А Людочка ушла. Потом вернулась. Потом снова ушла. И снова вернулась. Беременной она не была, но на аборт у моего брата деньги взяла. Просто она хотела, чтобы он мучился. Не из-за денег, конечно же, – когда моему брату был двадцать один год, он совершенно не мучился из-за денег – их у него было совсем мало, мучиться из-за денег он стал, когда у него их, денег, стало много… В общем, Людочка некоторое время походила туда-сюда. И похоже, она на самом деле очень любила моего брата, но не могла простить ему измену. Потому что Людочка хоть и была истеричная и Макиавелли такое, что мне ещё какать и какать, но всё равно была очень гордая – и свои понятия о достоинстве и всякой прочей чести у неё были. Похоже, что и Танечка очень любила моего брата, и даже готова была прощать ему измены, но брат, пережив пару-тройку сильных влюблённостей, решил пережить ещё с пяток-другой. А у Танечки не было времени на хождения туда-сюда и по прочим мукам (особенно мукам в виде моей мамы), потому что у неё был двухлетний ребёнок, и вообще она была спокойная. И ей хотелось семьи и вовсе не хотелось ни сэспенса, ни хорорра, которые в её жизнь щедро привносили мой брат и моя мама. Я же, решив для себя раз и навсегда, что краеугольные камни не выбирают, так и жила с этим раз и навсегда принятым решением много-много лет. Аж почти до самой старости, такой, как у Танечки, – до самых почти до двадцати пяти лет жила с этим решением. А потом перерешила на то, что только мы сами себе – краеугольные камни. И сами же себе – манные каши. Иногда мы – рагу из мелко покрошенных краеугольных камней и застывших монолитов манной каши. И что любая рецептура на предмет усовершенствования этого блюда будет всего лишь страшно вторичной и местами даже протухшей.

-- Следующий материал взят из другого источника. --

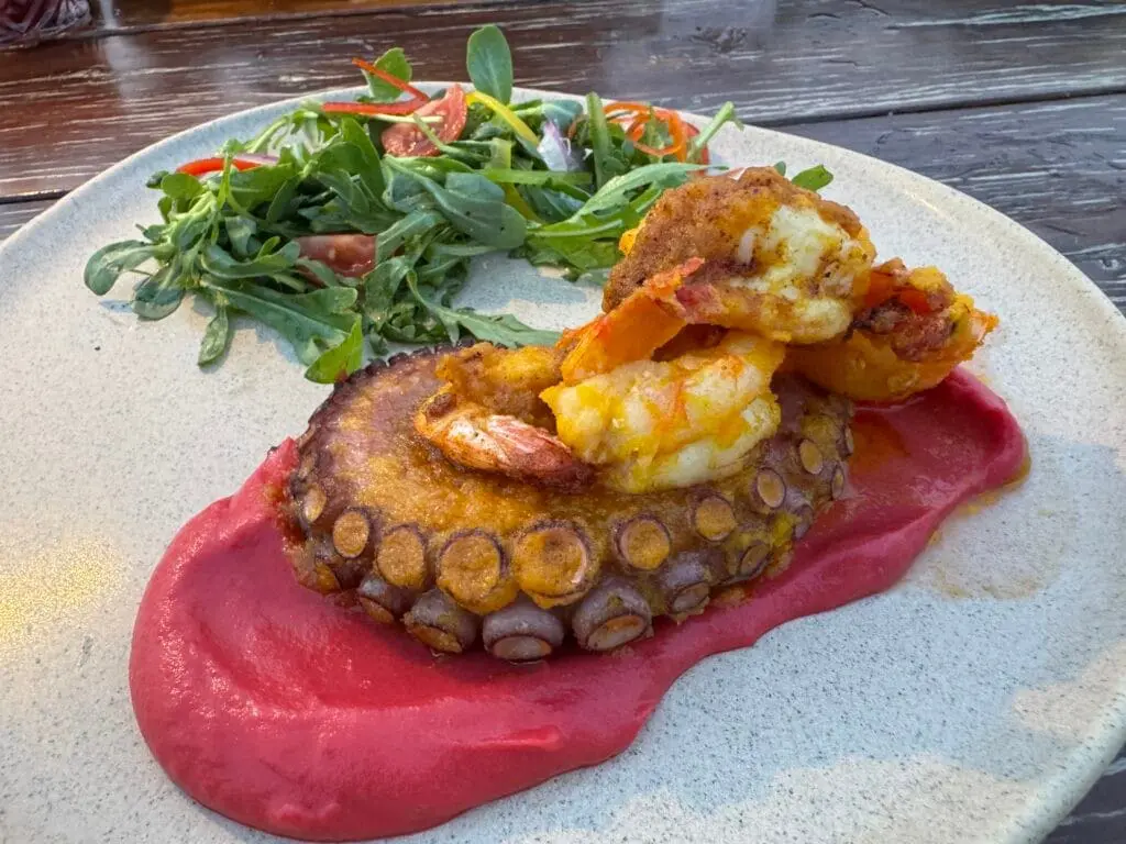 As for the food—it lived up to the view. I ordered the Sea Duo plate with octopus and shrimp (630 pesos / ~$34 USD), which was one of the priciest options outside the steak options. Non-hotel guests should note there’s a $150 USD minimum spend per person, but it’s waived if you’re staying at the hotel. So, if you’re coming as a guest, it’s a steal. Otherwise, be ready to order a few rounds of cocktails and appetizers—come hungry and thirsty.
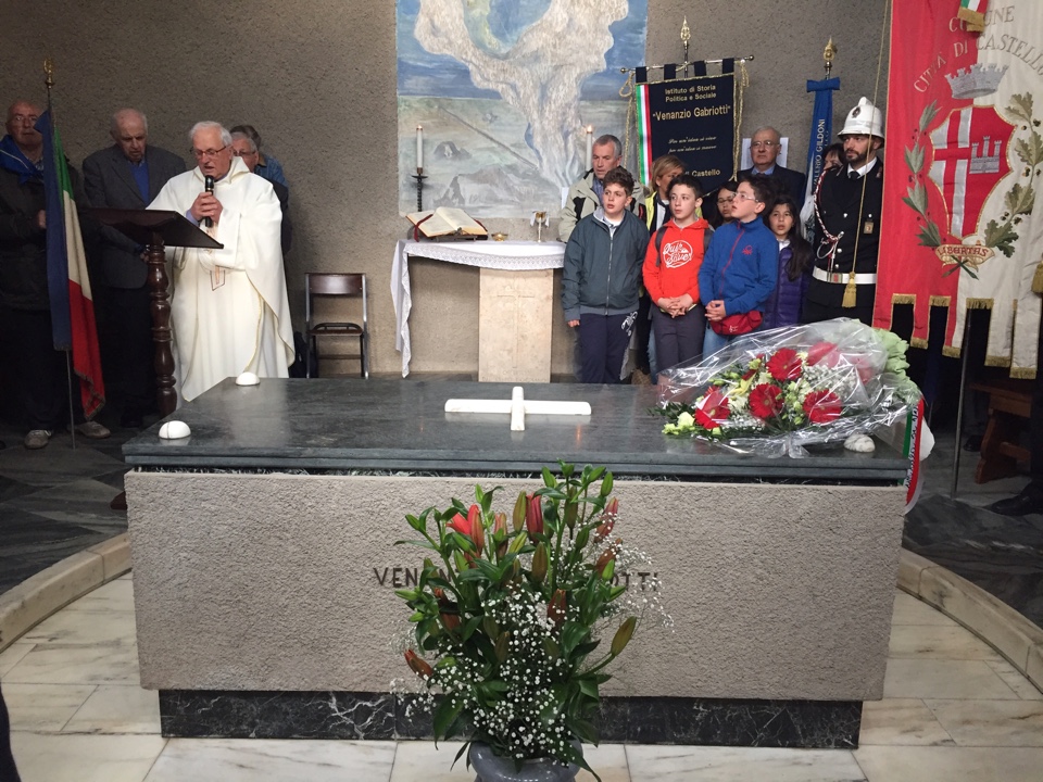Gemellaggio tra Città di Castello e Giustino nel nome di Venanzio Gabriotti: c’è qualcosa, anzi qualcuno a unire due luoghi apparentemente senza punti di contatto ed è la figura di Venanzio Gabriotti, martire della Resistenza, che come ufficiale della Prima Guerra Mondiale fu di stanza nella provincia di Trento, allora territorio austroungarico, a Giustino. Nonostante fosse a capo di una truppa dell’esercito di occupazione, aiutò la popolazione allo stremo, allestendo un refettorio presso la scuola per sfamare i bambini e provvedendo anche alle donne e agli anziani. Un gesto di generosità dunque è il trade d’union tra le due città e oggi, nel 72° anniversario della fucilazione di Venanzio Gabriotti, il gemellaggio tra Città di Castello e Giustino, in nome dell’Italia unita e democratica, è stato sancito dalla presenza, per la prima volta, di una delegazione del Comune di Giustino e della scuola elementare intestata a Gabriotti. La giornata è cominciata, come vuole la tradizione, presso la Cappella dei volontari della libertà, nel Famedio del Cimitero monumentale, con la messa officiata da don Giuseppe Tanzi e la partecipazione dei bambini di Giustino e del sindaco del Comune. Quindi la cerimonia si è spostata presso il Greto della Scatorbia dove Gabriotti su fucilato da un plotone di fascisti all’alba del 9 maggio 1944. Sulle note di “Bella ciao”, intonata dai bambini della scuola di Cerbara del Secondo Circolo didattico, è stata deposta una corona al monumento che ricorda il sacrificio e un alunno ha ricordato le ragioni per cui Venanzio Gabriotti, dopo 72 anni, è ancora un esempio di generosità, altruismo e amore per la patria. Il passaggio per l’omaggio floreale presso l’aiuola di Viale Vittorio Veneto, la casa dove Gabriotti visse in via San Florido e la torre civica di Piazza Gabriotti hanno punteggiato l’itineraio, fino alla tappa finale nella Sala del Consiglio comunale di Città di Castello, dove i bambini del Primo Circolo San Filippo, che hanno ospitato la delegazione trentina, hanno introdotto con canti la premiazione del concorso dell’Istituto di storia politica e sociale “Venanzio Gabriotti” che quest’anno verteva su “I giovani di tanti anni fa”. Premiate ex aequo per la classe terza della scuola primaria La Tina, per la primaria di Morra Badia Petroia Istituto comprensivo Burri, la primaria S. Leo Bastia classi III , IV e V, la primaria S. Filippo classe VA e VB, il Liceo o Plinio il Giovane con Giosuè Banconi della classe II C, la classe II A dell’Istituto Franchetti Salviani, la classe V del Liceo S. Francesco di Sales, l’Oratorio S. Giovanni Bosco. “Una menzione speciale” sottolinea Alvaro Tacchini, presidente dell’Istituto, promotore con Amministrazione comunale ed Anpi della manifestazione, va alla classe II della scuola Pieve delle Rose e ai 4 studenti del Centro di formazione Bufalini che hanno svolto il tema con particolare impegno e approfondimento”. (Allegate foto)

Не так давно старый еврей на своей кухне в самом центре города Москвы сказал мне, что я похожа на Анжелику.


– На какую, на Анджелину Джоли, что ли? – уточнила я.

– Вот дура! – сказал мне старый еврей. – На Анжелику… Из этих… Ну, «Анжелика и король», «Анжелика, маркиза ангелов». Из этой всякой лабуды. Старое кино. Ты тогда ещё маленькая была. Вот на неё.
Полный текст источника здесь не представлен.